My husband was sent to the front.
Some far away place called Wutai.”
Japanese says country? I thought Wutai was just a village or?
This should be changed. It says 行ってた, which should be translated as "going" I.E The husband wasn't "sent" to the front, he "went" there. He might have been sent there for all I know, but this is certainly not implied. From the form, it might even be taken as he chose to go to the battleground.
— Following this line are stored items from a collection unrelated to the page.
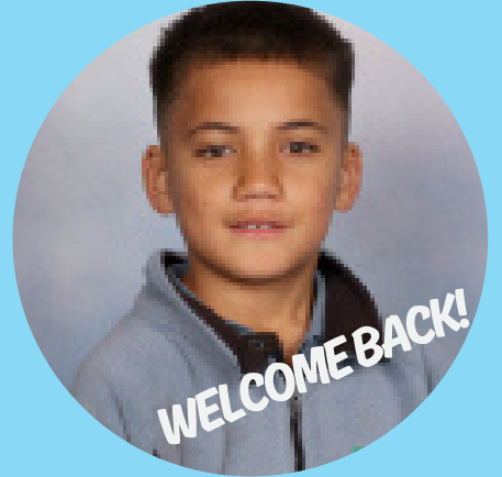
Wairua - Space 6
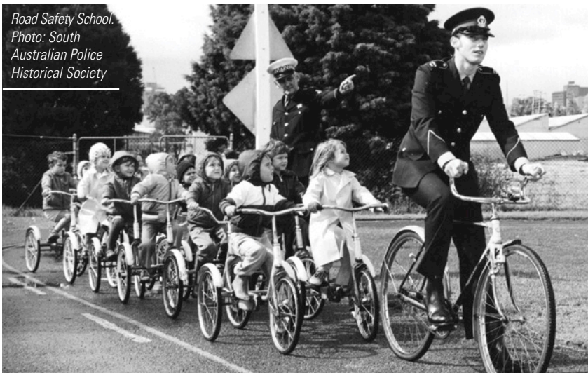
Road Safety School.
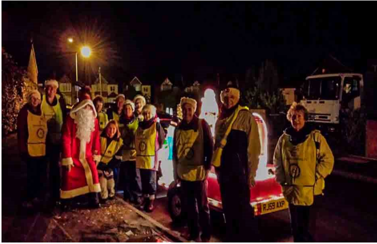
Members of the Ash and Blackwater Valley Rotary Club and the Community Street Team collection volunteers

On behalf of the Ash and Blackwater Valley Christmas float collection volunteers and the Community Street Team, we would like to thank all of the residents from Grange Farm Road through to Longacre and Manfield Road, as well as residents from Oaklea all the way through to Wentworth Crescent areas for your generous donations. A total of nearly £900 was raised and will be distributed to local charities in our area.

I always got the impression that Wutai was supposed to be a country, or a land, rather than just refering to the village - but maybe that's just me. The Kanji is usually only used like this, when speaking of countries though - Except in a few instances, like in old Japan, where all the districts themselves were refered to as kuni. In any case, the use of the term "place" seems a good way to circumvent this issue.
I'd go with:
"...during the war -
My husband went to the front...
In some far away land/place called Wutai."blin1{BARRET}
「チッ……!
すっかりかこまれてやがる」{NEW}
「オレひとりならともかく
このメンツじゃ……」
{BARRET}
“Son of a…!
Bastards have us
completely surrounded.”{NEW}
“If it were just me…
but I gotta reputation to keep.”
"reputation to keep" originally something like "If it were just me, then...", what does he mean? That on his own he would just kill everyone? I don't quite get what he has in mind? I will localise this better when I know what he means.
There are a few ways of interpreting this:
The term "mentsu" here refers to the concept of face or honour - One of the basic tenents of which is not to draw attention to oneself - So Barret might consider taking on everyone at once, but that would be flashy and therefore he would lose face.
This concept makes little to no sense to most foreigners, as we do not have a "face" culture in the same sense - So you'd probably be better of changing the sentence all together.
You could also take it to mean, that if he didn't have to watch out and protect the others, he could fight all out, or run away - But both of those options require him to not to care of the others, and thus lose him his face in a way that westerners could understand though.
I'd probably translate it something like this though:
"Tsk....
They've gone and got us all completely surrounded...
If it were just me... Anyways, at this rate...."This way you sidestep the issue and still get the main point across.